Customer date sales1 sales2
c1 2019-01-01 67 35
c1 2019-01-07 70 32
c1 2019-01-14 72 40
c2 2019-01-01 100 12
c2 2019-01-07 134 20
c2 2019-01-14 174 23
Making date column as number for forecasting purpose.
df <- df %>% group_by(customer) %>% mutate(dt_seq = row_number())
n <- data.frame()
for(i in unique(df$customer)){
one <- df[df$customer ==i,]
one$customer <- NULL
model <- lm(sales1 ~ dt_seq,data=one)
fin <- data.frame(matrix(0,52,1))
colnames(fin) <- 'dt_seq'
fin$dt_seq <- seq(max(one$dt_seq)+1,max(one$dt_seq)+52,1)
pre <- as.data.frame(predict(model,fin))
temp <- cbind(cbind(fin,pre),i)
temp$dt <- seq(max(one$dt)+7,max(one$dt)+7*52,7)

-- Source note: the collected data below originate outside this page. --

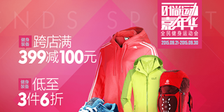 京东商城全民健身运动会,运动服装促销活动,跨店铺满399减100,3件6折!京东商城有一个全民健身运动会促销活动,全场运动鞋服、健身装备跨店铺满减,满399元减100元。户外运动全场低至3件6折。关键是,还可以叠加一张满299减60的优惠券。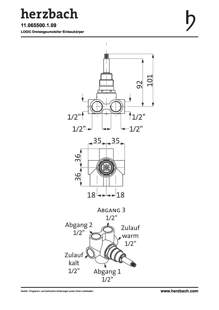 Herzbach UP-3-Wege-Umstellung Logic 1/2", für Rohmontage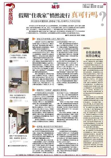 据记者调查发现,假期“住我家”在广州颇为流行,因为价格便宜、形式新颖,吸引了不少市民和想来广州游玩的游客关注。但是律师表示,这种新颖模式也要符合法律规定,而且最好能签订协议。

colnames(temp) <- c("dt_seq","sales1","customer","dt")
n <- rbind(n,temp)
}
This is taking long time as I have many customers data and is there any other way to run parallel using spark.lapply() function. Edit : I would like to predict for future values for next 52 periods.For each customer the for loop is taking too long time as I have many customers data. Is there other way to calculate linear regression for time series for grouped data and forecast values.